There are beautiful descriptive passages throughout the novel. Read aloud your favorite of these lyrical passages and talk about why you find them so pleasing.
8. Throughout the novel, there are characters, events, and places that are symbols for ideas: the circus, the Cannibal King, the Oregon Trail, and the storm, to name a few. What does each of these metaphors represent?
9. Whenever Harold feels threatened, he closes his eyes tightly and chants silently to himself, “No one can see me, no one can hurt me. The words that they say cannot harm me.” Harold’s belief in his own invisibility defines his sense of being an alien. Many teens share these feelings of being an outsider. How have you experienced these feelings? How do you deal with them?

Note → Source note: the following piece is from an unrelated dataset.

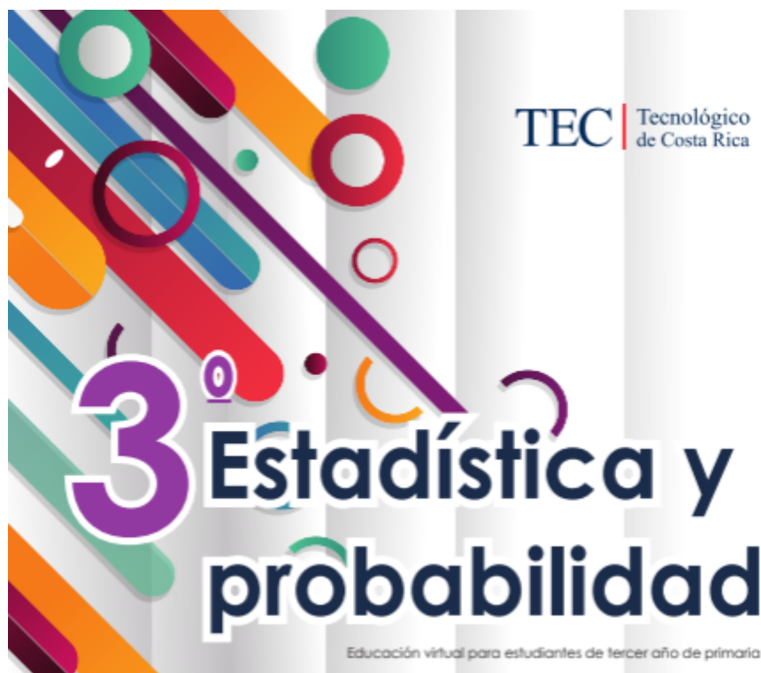
Portada del libro: Probabilidad y Estadística.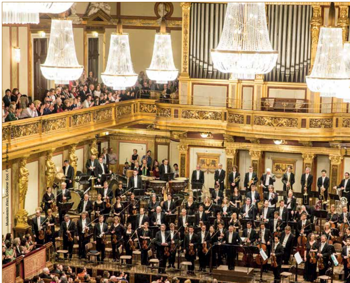
Musikverein Wien, Goldener Saal

Erleben Sie Mariss Jansons und das Symphonieorchester des Bayerischen Rundfunks bei internationalen Gastkonzerten 2017 und 2018

10. At first Harold thinks Samuel is the ugliest thing he has ever seen. Yet when Harold stares into Samuel’s eyes he sees something other than ugliness. Samuel and Tina carry the message that a person’s self-worth is determined by what is inside, not by physical appearance. But every message from the media today seems to be that your physical appearance is the only important thing. Where do you stand on this issue? Talk about the instances in the novel where the sideshow performers show their goodness. In which instances in the novel do the “normal” people show their lack of humanity?
11. “Beware the ones with unnatural charm. And the beast that feeds with its tail… . A wild man’s meek and a dark one’s pale. And there comes a monstrous harm.”
This is one of Gypsy Magda’s prophecies in the novel. What are some of the others? What do her prophecies mean? Do they come true?